The MongoDB replica set deployment is set up and ready to operate now. You can download and install the MongoDB Compass and set up an external connection to connect to the MongoDB application deployed in the Kubernetes cluster. Using the powerful MongoDB Compass GUI, you can query, aggregate, and analyze the MongoDB data from the MongoDB deployment.
Scale MongoDB Application
If you want to add another replica set to the MongoDB deployment to scale up the MongoDB application, you can run the following kubectl command:
$ kubectl scale statefulset <name> -n <namespace> --replicas=<number of replicas>
Then, follow up with Step 1 from the previous section to connect to the first MongoDB pod and repeat Step 5 to add the new replica pod.

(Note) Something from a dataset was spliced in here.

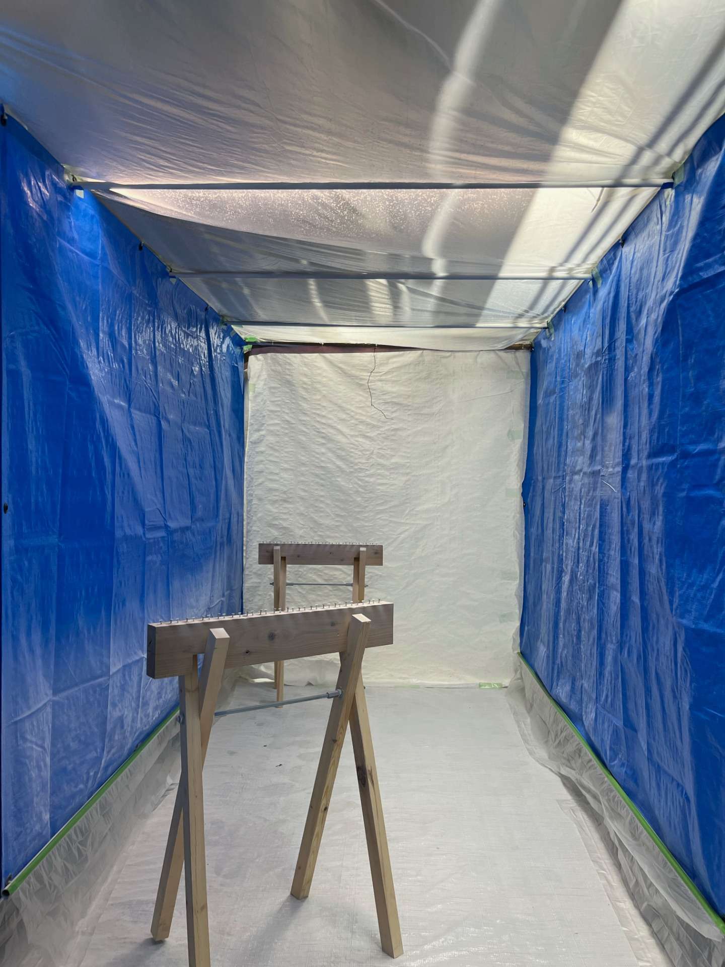 今回は赤坂にある現場で使う材料を塗装するために倉庫内にペンキブース設置!・・・と言ってもブルーシートと養生シートで作った簡易的なものなんですけどね。今まではこういう時にはハケやローラーを使って塗っていたのですが、今回は社長の提案でエアーコンプレッサーを使ってスプレーガンとして塗っていきます。下塗りのプライマーを塗って、仕上げを2回・・・計3回塗りました。これでうまくいけば今後はスプレーガンで時間短縮に成功します♪

To scale down the MongoDB application, you can simply run the command rs.remove() to remove the replica pod from the replication configuration.
Summary
This blog post describes the detailed process used to deploy and set up a stateful MongoDB application as a Replica Set deployment on Kubernetes clusters in HPE GreenLake for Containers. Kubernetes provides the ability to persist the state, deploy the stateful application, and manage and scale those applications with state. The production deployment of the MongoDB application provides redundancy, fault tolerance, high availability, and scalability. It can be used for working with a large amount of data and a high number of workloads in customer production environments.